I should also point out that there are some pitfalls around padding: the linker might add zeros to the end of the section to insert padding, and it may even insert padding between symbols in the section. Raymond Chen has three small pieces on this as well.
Finally, why did I say that this is almost useful for initializing statics? Well, it doesn’t play nicely with static linking. You may have noticed that we applied __attribute__((used))
to the initializer. This tells Clang to not drop them during compilation. Unfortunately, linkers exist. (Honestly: linkers! Compilers, are bad, yes, but if you really want to ruin your day, you need a linker.) When the linker sees your static library, it will make an attempt to pull in exactly what is needed, and our section data doesn’t make the list: nobody is referencing any symbols in it. So initializers specified like this in a static library are just dropped.
On Windows, it seems like the linker will actually keep the section. That, or I got lucky. But Linux and Mac? No, the section is just silently dropped. I have tried various mechanisms around this, but without success. The closest is maybe Clang’s retain attribute, which has this blurb in the docs:
This attribute, when attached to a function or variable definition, prevents section garbage collection in the linker. It does not prevent other discard mechanisms, such as archive member selection, and COMDAT group resolution.
(Emphasis mine.)
The nuclear option around this is to use the linker flag --whole-archive
for every static library that you suspect has relevant data in your custom section. Using the whole archive options means that the linker doesn’t perform the archive member selection mentioned above (but it could still eliminate unused data later).

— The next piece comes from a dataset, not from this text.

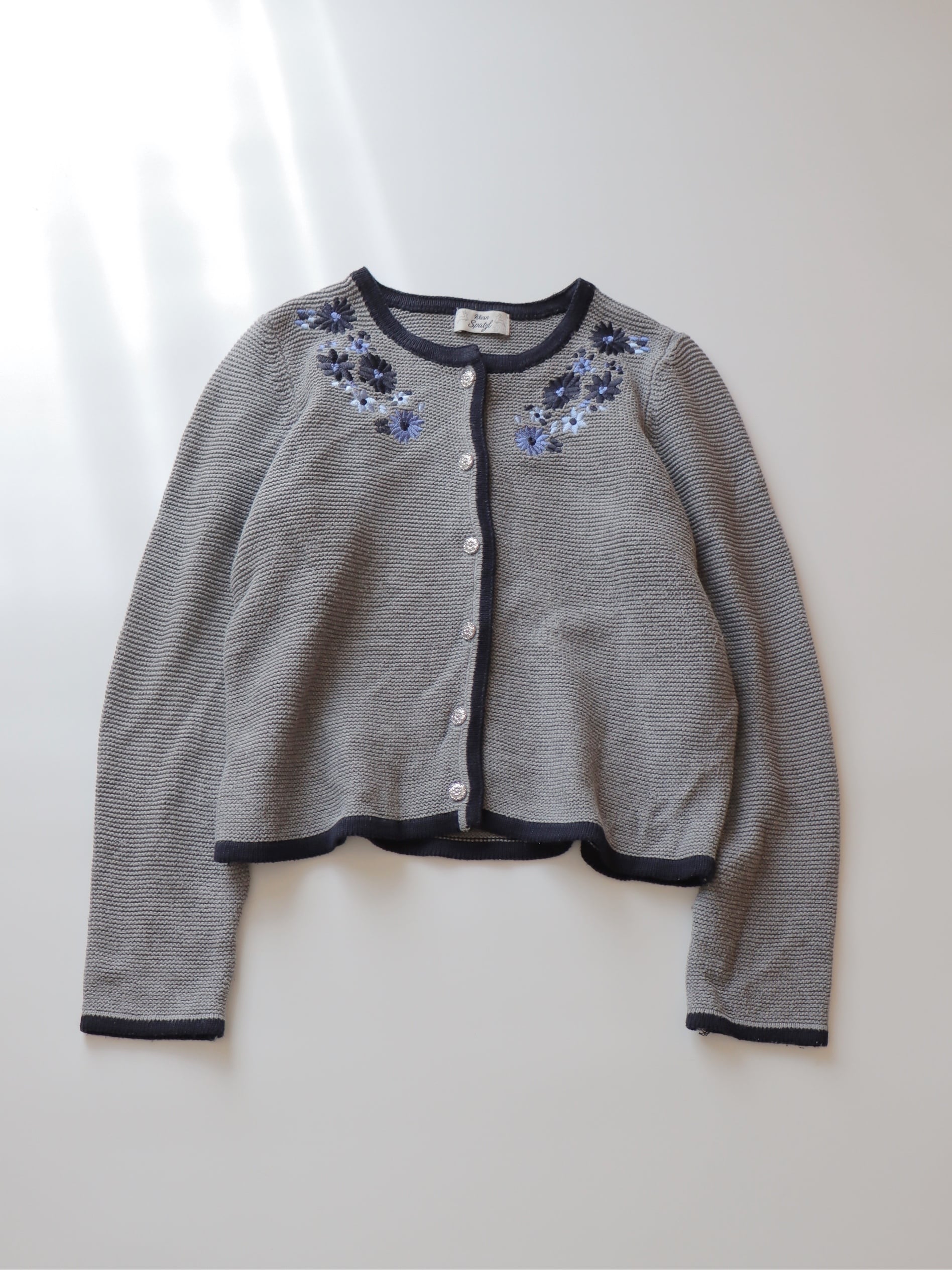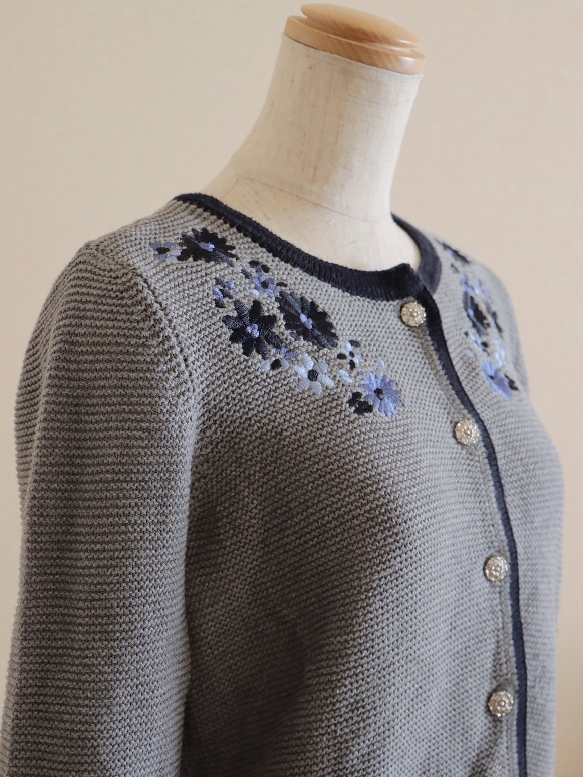 高級感のあるボタンと繊細なフラワー刺繍が施された、これからの季節にお勧めのニットカーディガン。

There are multiple issues with --whole-archive
: First, you now also pull in a lot of data that previously was dropped. So the output is likely larger, unless later steps in the linker happen to prune them again – but who knows whether that is actually happening. Second, you now need to know which libraries even contain data in your sections. You often can’t just apply --whole-archive
everywhere without suddenly ending up with multiple definitions. This is all very sad, since the beauty of this method for me is that data is collected automatically and nobody had to manually figure out what initializers come from where.
At least on Windows this very section mechanism is also used for the CRT. So how do they do it? Well, first off I never ran into any issues on Windows anyway. Additionally, link.exe
does have a /SECTION
flag that you can use to tell it to keep a section, e.g. /SECTION:.mysection,R
. I have not tried it, because I didn’t have any problems in the first place.
With lld on Linux/Mac, there is still the possibility that a custom linker script would help. Linux uses the .init_array
section, and ld
’s default linker script explicitly keeps that section alive. However, for lld
specifically there is no default linker script (it’s just some native code instead), and apparently there is no way to say “use default behavior and also run this minimal linker script.” My gut instinct says that going down the custom linker script route is going to cause a good bit of pain, so I have not done that.
On a meta note: I would of course much rather talk about how I totally made this work using a combination of obscure linker flags. But documenting dead-ends is just as important.